С продовольствием дело обстояло все хуже. Однажды ночью Стасек и Генек пробрались в местечко и принесли немного конской колбасы и черного хлеба. Они со злостью жевали эту колбасу и ругали большевиков. Но Гаврила ел с аппетитом и насмешливо прислушивался к их ругательствам.
Они уже тащились из последних сил. Гаврила сообразил, что теперь ему легче будет убежать. Или им надоело доглядывать за мальчишкой, или же их обмануло его спокойствие, только они не сторожили его, как раньше. Но теперь ему уже не хотелось просто убежать. Внутри у него все запеклось от злобы за их хозяйничанье в хате, за весь этот путь, за ругань, за тумаки, которых не жалел для него рябой. В нем все переворачивалось от этих вечных придирок, от непрестанных требований, словно это он, Гаврила, заставлял их толочься здесь, мокнуть, голодать. "Большевистский ублюдок", - говорил рябой. И Гаврила все сильнее чувствовал свою связь с людьми, которые маршировали с песнями по дорогам, стояли по деревням, устраивали какие-то сельские советы и представляли собой грозную опасность для этой кучки оборванных, озлобленных людей, упрямо рвущихся к литовской границе. Когда они прятались на день в заросли, он мечтал, что вот вдруг раздвинутся кусты - и появятся те.

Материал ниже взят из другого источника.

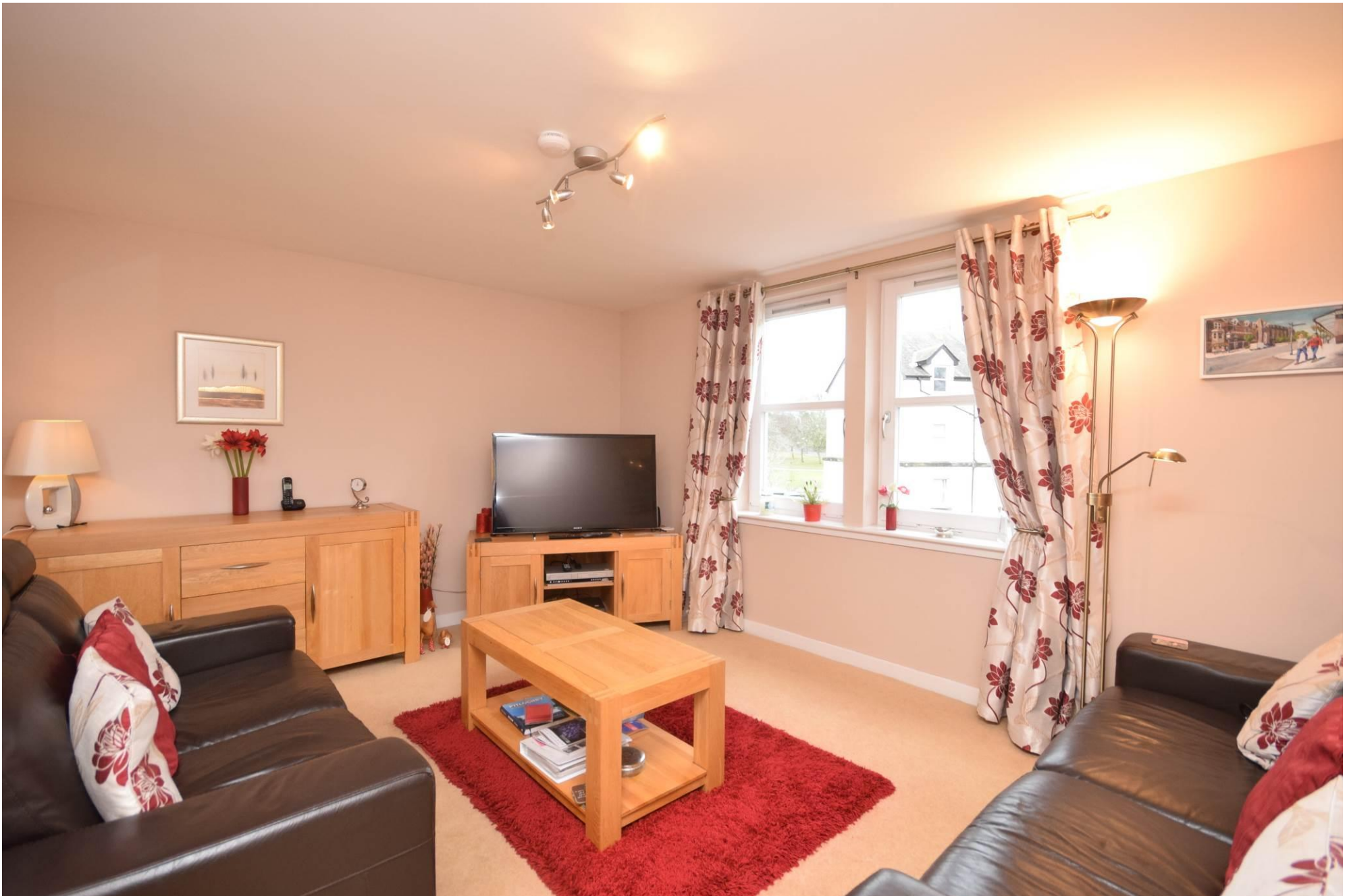
15 Dean Court, Pitlochry, PH16 5NW - Lounge
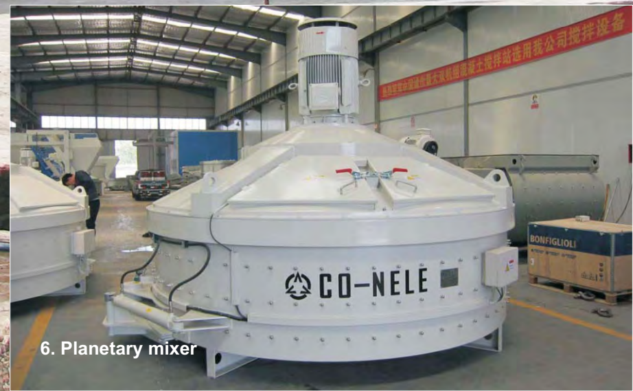
6. Planetary mixer
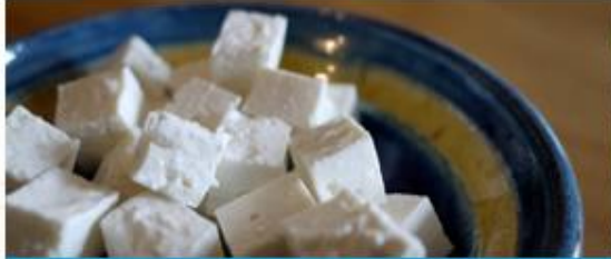
Feta cheese (Made with sheep and goat milk)

Small cafes, called Tavernas, serve delicious Greek food.
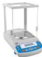
AS R1 PLUS, d = 0.1 mg AS R2 PLUS, d = 0.1 mg
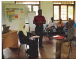
Two programmes conducted in Ampara
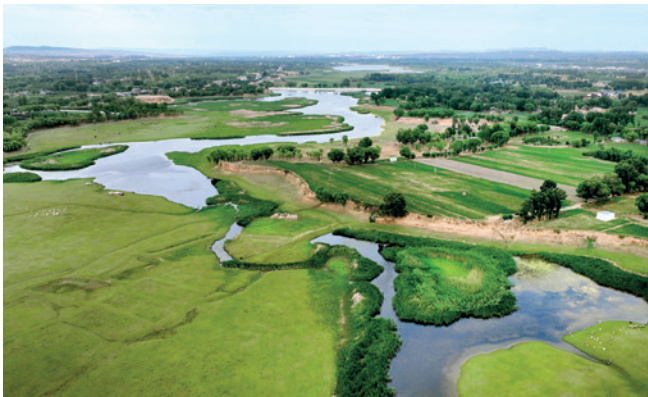
Aerial photo taken on July 19 shows the wetland near Jingbian County in Yulin City, northwest China's Shaanxi Province.

He also underlined accelerating the transition to a green and low-carbon economy along with achieving green recovery and development.
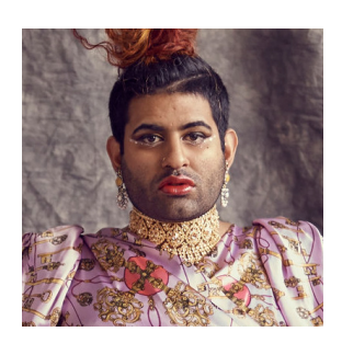
ALOK (they/them) Author, performer, & media personality

Или вдруг они выйдут ночью прямо на патруль, прямо под прицелившиеся винтовочные дула, и тогда конец этому сумасшедшему пути.

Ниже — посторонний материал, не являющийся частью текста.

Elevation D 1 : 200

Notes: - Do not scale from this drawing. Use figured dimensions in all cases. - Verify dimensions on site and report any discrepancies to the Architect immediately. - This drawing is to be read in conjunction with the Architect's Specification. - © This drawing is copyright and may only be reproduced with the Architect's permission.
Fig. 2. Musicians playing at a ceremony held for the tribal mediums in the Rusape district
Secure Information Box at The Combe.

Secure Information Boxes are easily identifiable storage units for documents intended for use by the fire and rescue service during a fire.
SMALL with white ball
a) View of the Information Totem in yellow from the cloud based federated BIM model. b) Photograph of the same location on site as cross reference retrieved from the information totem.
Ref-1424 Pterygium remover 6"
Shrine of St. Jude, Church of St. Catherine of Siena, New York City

Он, как только мог, причинял всяческие хлопоты своим спутникам. Сбивался с тропинки, кружил, плутал даже там, где инстинкт отчетливо подсказывал ему дорогу. Пусть, пусть их окончательно измучаются. У него самого тоже иссякали силы, оставалась лишь упорная злоба. Ненависть уже открыто горела в его глазах.
- Ишь, как глядит! - издевался Генек.
- Что ты все пристаешь к нему? - возмутился Стасек; он один сохранял еще какую-то ясность духа.

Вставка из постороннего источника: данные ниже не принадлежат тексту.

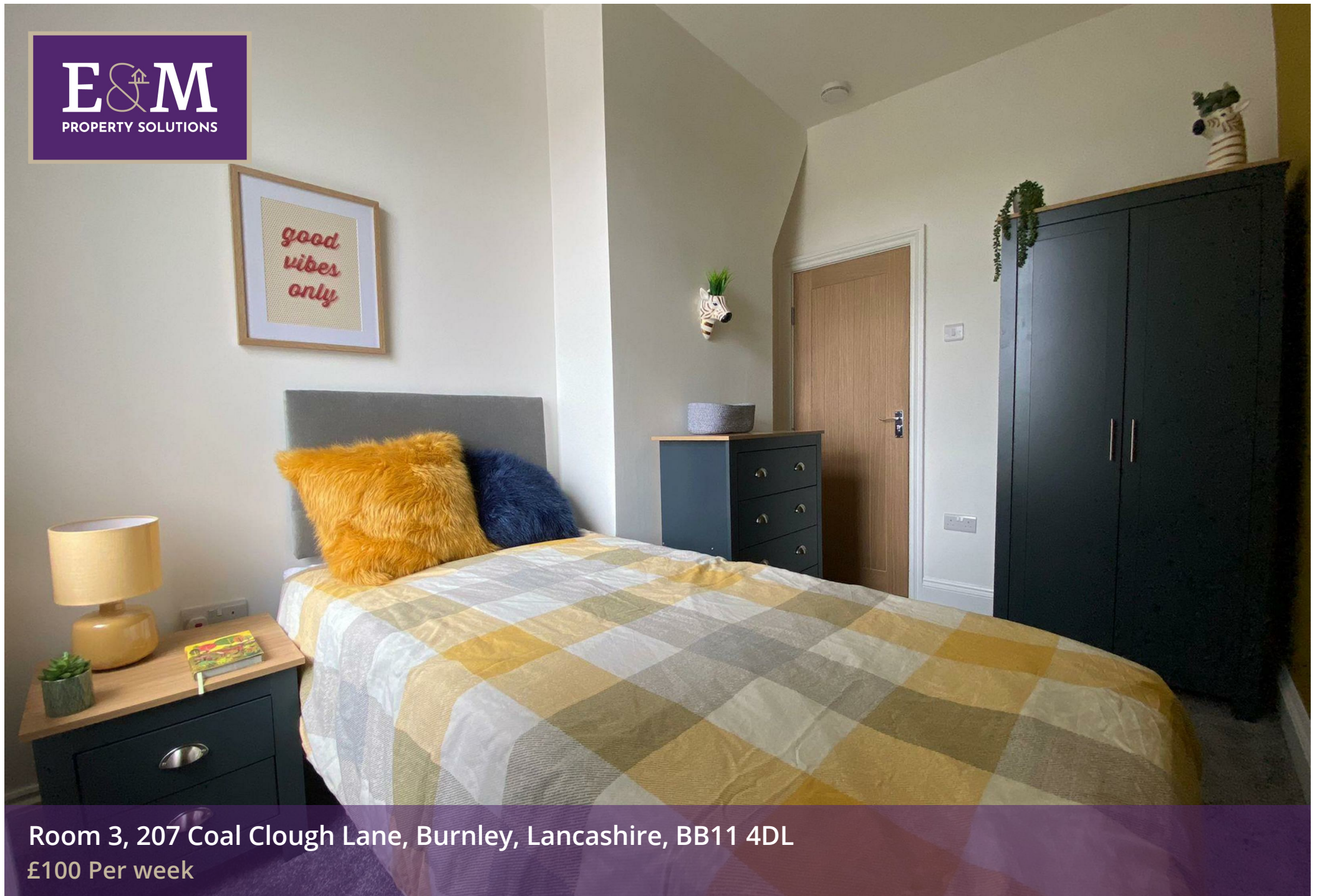
Room 3, 207 Coal Clough Lane, Burnley, Lancashire, BB11 4DL £100 Per week

- Да ты только посмотри, каким он волком смотрит! Кажется, если бы мог, прямо в горло вцепился бы, - заметил Хожиняк.
- А пусть его бросается, - отмахнулся тот и снова принялся перевязывать израненные ноги. Они теперь напоминали шайку закоренелых бродяг. Одежда была в лохмотьях, от сопревших портянок воняло, небритые лица обросли темными клочьями бороды.
- Ох, брат, сапоги бы новые…
- Подожди, будут и сапоги, - сурово бросил Генек. - И сапоги и все остальное.
И снова начался разговор, к которому Гаврила прислушивался с ненавистью. Разговор о том, как все это будет, как они будут наступать.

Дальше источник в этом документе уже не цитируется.